A “Consciousness” immune to marketing, rhetoric, or propaganda…
In short, WHAT part of Educated, Objectivity, Consciousness, is claimed (Trumped)
by marketing, rhetoric, or propaganda?
IF, and this is a BIG if..If Public Education was established to “Turn on the Light”
for the masses, WHY do so many people seem to be in the DARK
(swayed by marketing, rhetoric, or propaganda)???
Charter Schools couldn’t stay in “Business” for too long, if they didn’t have “Customers”.
“We’ve reinvented how schools run,” said Neerav Kingsland of New Schools for New Orleans, which promotes and supports charter schools. Kingsland is leaving the organization to try to export the model to other cities. “If I am unhappy with service I’m getting in a school, I can pull my kid out and go to another school tomorrow. ”
I think it’s productive they’re finally announcing this is the ed reform model. The plan is to export this everywhere.
Anyone who thinks public schools are going to do well under ed reform leadership that seeks only to replace public schools is kidding themselves. Also, “scaleability” means standardization. They can’t ramp this privatization movement up as quickly as they plan without standardizing.
I also love how “the schools have gotten really good at fundraising” is considered a plus.
Is that really what we want for “public education”? Make a pitch to donors and adopt only those policies and schools wealthy donors support? Boy, we better hope our billionaires are completely without self-interest, now that we’ve gone from “citizens” to “supplicants vying for a donation”!
Remember when we used to collect taxes from everyone and then have an elected and accountable state actor fund public entities? That was probably TOO HARD. This way we cut out the politician middleman and just have citizens petition wealthy people directly. Efficiency!
Chiara,
In reference to your post about Kingsland saying “he can pull his kids out tomorrow.” No, he can’t. After October 1, schools are not required to backfill or add students. OneApp is clear on that.
Second, fundraising will stop from the big donors. Sure, they’ll have their pet schools (KIPP will never have a problem) but they’ll lose interest in others. Then the fundraising is much like we’re used to. Bake sales and golf scrambles and other items we get bombarded with by friends and family. But in impoverished neighborhoods, where will these funds come from?
My neighbors sent their kids to a charter for two years. They returned to public schools. Their two biggest complaints: teacher churn at the charter and the requirement to do fundraising. Yes, they were contractually obligated upon getting their kids into a charter to do fundraising events.
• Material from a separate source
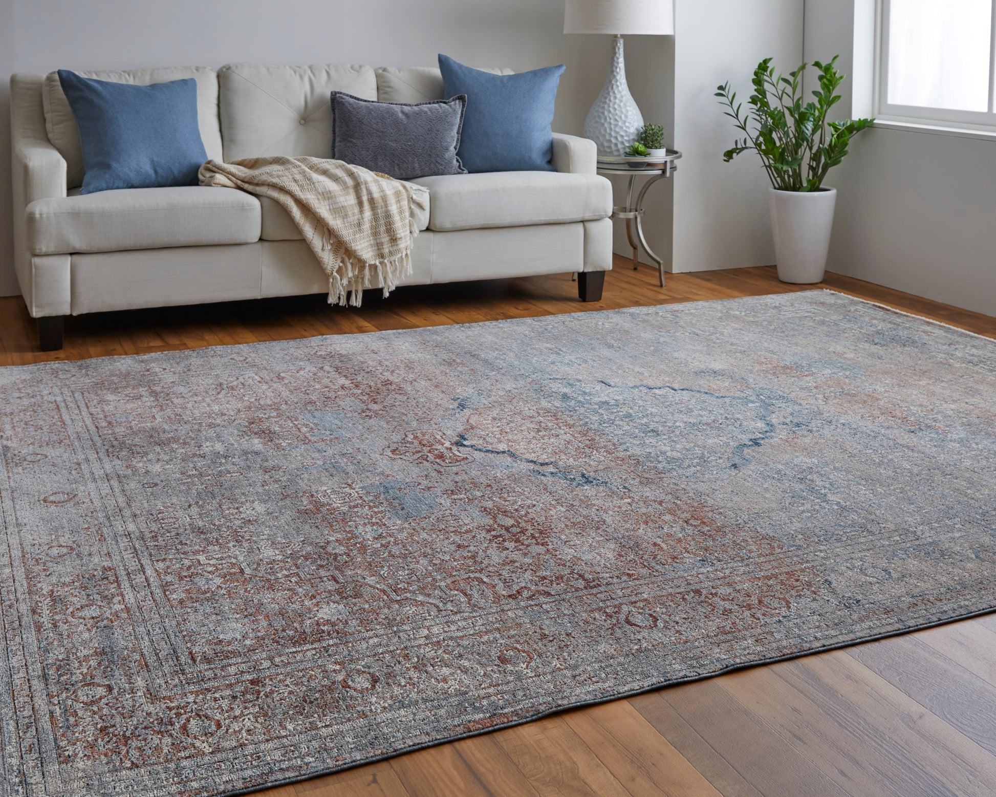 Marquette Transitional/Bohemian & Eclectic/Vintage Blue/Red/Gray Area Rug

Additionally, Kingsland is so ridiculously wrong, so out-in-left-field with that “pull his kids out tomorrow” statement, as if it were SO beneficial to children to start a “put-in-&-pull-out” method of educating them! And, Kingsland, how about all those charter schools that will FAIL? You know, such as the ones that have closed their doors–many suddenly–leaving NO school for the “other people’s children” who went there? It’ll be like the chaos of an extremely large number of Haitian refugees washing ashore at 4 AM, being picked up by INS & dumped in Miami, with only a small, church-run social service agency with one 10-seat-capacity van available, to pick them up and attempt to house them (this was an actual event)!
But, of course, we are speaking of refugees & children of the extremely not 1%.
Parents who have had their children in such aforementioned (as well as any you know of about to be closed), please join in this blog conversation–it’s a post we haven’t yet seen (& you know these families are never going to be interviewed by the mainstream press). We need to hear your stories for further ammunition to put a STOP to all of this because, indeed, it must be stopped.
Together we can–there is strength in numbers!
DR: Despite these facts, why does the media continue to praise this failed experiment?
I think there’s a popular narrative that the public wants to hear that folks in N.O. pull themselves up by their bootstraps, rebuild, and live happily ever after. It’s unsettling to hear of lingering failure following a major natural disaster, and to report such failure would probably not attract as many readers.
I don’t justify it, just explaining what might be going on.